* Assignment
Everything from the first line of the data through the line with "Legato Waschbeckenunterschrank, 4" is to be echoed exactly, minus the pictures.

* Data excerpts
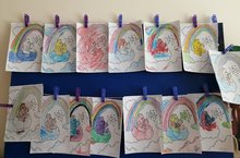 Задачи:1.Закреплять знания детей о расположении цветовом спектере на примере радуги.2. Развивать сенсорные чувства , умение видеть красоту окружающей действительности.3. Воспитывать дружеские взаимоотношения между детьми, эстетическое отношение к природе.
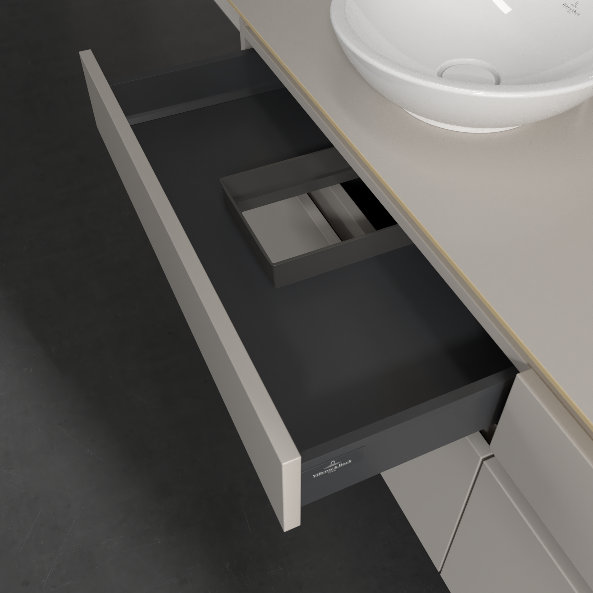 Legato Waschbeckenunterschrank, 4 Auszüge, 1600x550x500mm, Korpus: Soft Grey, Front: Soft Grey
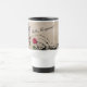 Bonjour, magnifique ! Votre beauté intérieure montre la tasse de voyage avec l'image de broderie, le rose rouge et les motifs de remous créant le visage d'une femme en Bourgogne, rouge, beige, noir et bronze.
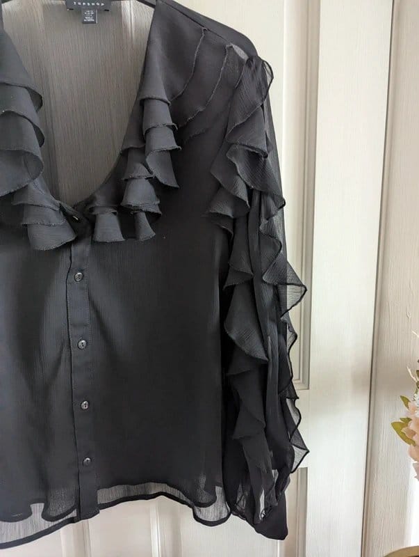 View Vinted's returns policyThis black chiffon blouse from Topshop features a ruffled neckline and sleeves for a gorgeous and flattering look. Size 10 fits sizes 8-12.
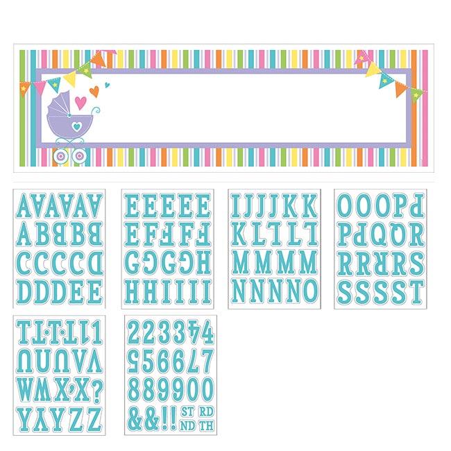Das personalisierbare Banner "Baby" besteht aus Kunststofffolie und hat eine Größe von ca. 165 x 50,8 cm. Im Lieferumfang sind ca. 120 Buchstaben, Zahlen, Ordinalzeichen und Satzzeichen enthalten, sodass Sie das Banner Ihren Wünschen entsprechend beschriften können.
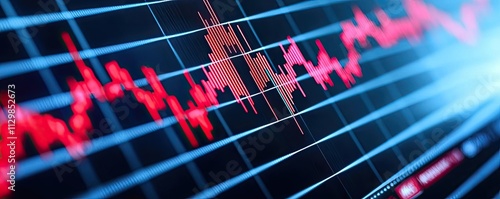 Currency value concept. Close-up of a stock market graph displaying fluctuating red and blue trends.
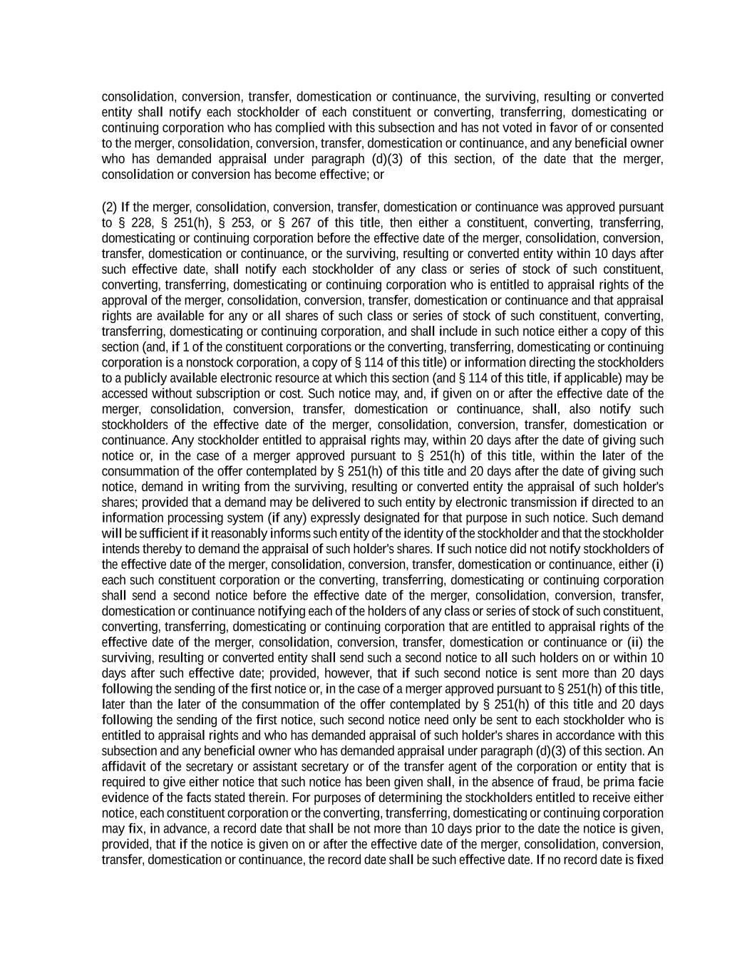 consolidation, conversion, transfer, domestication or continuance, the surviving, resulting or converted entity shall notify each stockholder of each constituent or converting, transferring, domesticating or continuing corporation who has complied with this subsection and has not voted in favor of or consented to the merger, consolidation, conversion, transfer, domestication or continuance, and any beneficial owner who has demanded appraisal under paragraph (d)(3) of this section, of the date that the merger, consolidation or conversion has become effective; or (2) If the merger, consolidation, conversion, transfer, domestication or continuance was approved pursuant to § 228, § 251(h), § 253, or § 267 of this title, then either a constituent, converting, transferring, domesticating or continuing corporation before the effective date of the merger, consolidation, conversion, transfer, domestication or continuance, or the surviving, resulting or converted entity within 10 days after such effective date, shall notify each stockholder of any class or series of stock of such constituent, converting, transferring, domesticating or continuing corporation who is entitled to appraisal rights of the approval of the merger, consolidation, conversion, transfer, domestication or continuance and that appraisal rights are available for any or all shares of such class or series of stock of such constituent, converting, transferring, domesticating or continuing corporation, and shall include in such notice either a copy of this section (and, if 1 of the constituent corporations or the converting, transferring, domesticating or continuing corporation is a nonstock corporation, a copy of § 114 of this title) or information directing the stockholders to a publicly available electronic resource at which this section (and § 114 of this title, if applicable) may be accessed without subscription or cost. Such notice may, and, if given on or after the effective date of the merger, consolidation, conversion, transfer, domestication or continuance, shall, also notify such stockholders of the effective date of the merger, consolidation, conversion, transfer, domestication or continuance. Any stockholder entitled to appraisal rights may, within 20 days after the date of giving such notice or, in the case of a merger approved pursuant to § 251(h) of this title, within the later of the consummation of the offer contemplated by § 251(h) of this title and 20 days after the date of giving such notice, demand in writing from the surviving, resulting or converted entity the appraisal of such holder's shares; provided that a demand may be delivered to such entity by electronic transmission if directed to an information processing system (if any) expressly designated for that purpose in such notice. Such demand will be sufficient if it reasonably informs such entity of the identity of the stockholder and that the stockholder intends thereby to demand the appraisal of such holder's shares. If such notice did not notify stockholders of the effective date of the merger, consolidation, conversion, transfer, domestication or continuance, either (i) each such constituent corporation or the converting, transferring, domesticating or continuing corporation shall send a second notice before the effective date of the merger, consolidation, conversion, transfer, domestication or continuance notifying each of the holders of any class or series of stock of such constituent, converting, transferring, domesticating or continuing corporation that are entitled to appraisal rights of the effective date of the merger, consolidation, conversion, transfer, domestication or continuance or (ii) the surviving, resulting or converted entity shall send such a second notice to all such holders on or within 10 days after such effective date; provided, however, that if such second notice is sent more than 20 days following the sending of the first notice or, in the case of a merger approved pursuant to § 251(h) of this title, later than the later of the consummation of the offer contemplated by § 251(h) of this title and 20 days following the sending of the first notice, such second notice need only be sent to each stockholder who is entitled to appraisal rights and who has demanded appraisal of such holder's shares in accordance with this subsection and any beneficial owner who has demanded appraisal under paragraph (d)(3) of this section. An affidavit of the secretary or assistant secretary or of the transfer agent of the corporation or entity that is required to give either notice that such notice has been given shall, in the absence of fraud, be prima facie evidence of the facts stated therein. For purposes of determining the stockholders entitled to receive either notice, each constituent corporation or the converting, transferring, domesticating or continuing corporation may fix, in advance, a record date that shall be not more than 10 days prior to the date the notice is given, provided, that if the notice is given on or after the effective date of the merger, consolidation, conversion, transfer, domestication or continuance, the record date shall be such effective date. If no record date is fixed

* Solution to the exercise
 Задачи:1.Закреплять знания детей о расположении цветовом спектере на примере радуги.2. Развивать сенсорные чувства , умение видеть красоту окружающей действительности.3. Воспитывать дружеские взаимоотношения между детьми, эстетическое отношение к природе.
 Legato Waschbeckenunterschrank, 4 Auszüge, 1600x550x500mm, Korpus: Soft Grey, Front: Soft Grey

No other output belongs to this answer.